After a discussion with Venkat last week we decided that it was probably best 
if I took responsibility for the flow control patches and ported/cleaned them 
up for inclusion in the labeled networking patches for 2.6.25.  In the course 
of doing so I ran across the problem of subject/object "ordering" (probably 
not the best term, but it's all I can think of right now).  In both the "flow 
in" and "flow out" cases I'm tempted to use the packet's peer label as the 
object just for the sake of consistency and the ability to use the new "peer" 
object class for all network peer label access checks.  However, I wanted to 
make sure that is what everyone had in mind from a conceptual point of view.  
See the two simple policy examples below:

 * Packet "flows" into the system, peer label is the object

   allow netif_t peerlbl_t:peer flow_in;

 * Packet "flows" out of the system, peer label is the object

   allow netif_t peerlbl_t:peer flow_out;

Thoughts, opinions?

-- 
paul moore
linux security @ hp

--
This message was distributed to subscribers of the selinux mailing list.
If you no longer wish to subscribe, send mail to majordomo@tycho.nsa.gov with
the words "unsubscribe selinux" without quotes as the message.

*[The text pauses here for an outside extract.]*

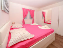 5 -sobna polovica dvojne kuće 120 m2 na 2 etaže, prema jugu. Dnevni boravak/blagovaona s TV-om sa sat. prijemnikom (plosnatim TV ekranom), klima uređajem. Izlaz na terasu. 1 soba s 1 bračnim krevetom (2 x 80 cm, dužina 200 cm). 1 soba s 1 franc. krevetom (160 cm, dužina 200 cm). Otvorena kuhinja (4 ploče za kuhanje, pećnica, perilica za suđe, zamrzivač, el. aparat za kavu). Tuš/WC. Gornji kat: s kosim stropom, otvorena galerija, visina stropa 60 - 250 cm s krovnim prozorom s TV-om sa sat. prijemnikom (plosnatim TV ekranom). 1 soba s kosim stropom, visina stropa 60 - 250 cm s krovnim prozorom s 2 kreveta (90 cm, dužina 200 cm). 1 soba s kosim stropom, visina stropa 60 - 250 cm s krovnim prozorom s 1 franc. krevetom (160 cm, dužina 200 cm). Odv. WC. Terasa 20 m2. Garnitura za sjedenje. Prekrasan pogled na more. Na raspolaganju: visoka dječja stolica, dječji krevetić, sušilo za kosu. Internet (wireless LAN [WLAN], besplatan). Dodatna informacija: protupožarni alarm, vatrogasni aparat.- postrojenja

Re: Network flow controls and subj/obj ordering

[Casey Schaufler]

--- Paul Moore <paul.moore@hp.com> wrote:

> Hello everybody,
> 
> After a discussion with Venkat last week we decided that it was probably best
> 
> if I took responsibility for the flow control patches and ported/cleaned them
> 
> up for inclusion in the labeled networking patches for 2.6.25.  In the course
> 
> of doing so I ran across the problem of subject/object "ordering" (probably 
> not the best term, but it's all I can think of right now).  In both the "flow
> 
> in" and "flow out" cases I'm tempted to use the packet's peer label as the 
> object just for the sake of consistency and the ability to use the new "peer"
> 
> object class for all network peer label access checks.  However, I wanted to 
> make sure that is what everyone had in mind from a conceptual point of view. 
> 
> See the two simple policy examples below:
> 
>  * Packet "flows" into the system, peer label is the object
> 
>    allow netif_t peerlbl_t:peer flow_in;
> 
>  * Packet "flows" out of the system, peer label is the object
> 
>    allow netif_t peerlbl_t:peer flow_out;
> 
> Thoughts, opinions?

Networking policy is always fun to debate. I've gotten it wrong
so many times I've lost count. Let's see if I can add anything of
value.

A packet appears out of the ether and is attached to a flow. If the
packet is a labeled object and the flow is a labeled object, what
is the subject? If the packet moves on out of the system (it is
being forwarded) and the packet is a labeled object, what is the
subject? Do you even have a subject/object relationship in this case?
I think that if you can identify the subject involved in flow
processing the policy implications ought to be pretty clear. If
you don't, and you have nothing but objects to deal with, it gets
painfully difficult to produce a security model that can be described
using traditional methods.

I will point out that it is pretty difficult to associate a subject
with an action on a packet object in all cases, and that is one reason
the model of a packet as an object never caught on. Perhaps the flow
is your subject, performing read and write operations on the packets.
I don't know that it makes a lot of sense to consider a flow as a
subject, but I've made arguments from shakier premises myself.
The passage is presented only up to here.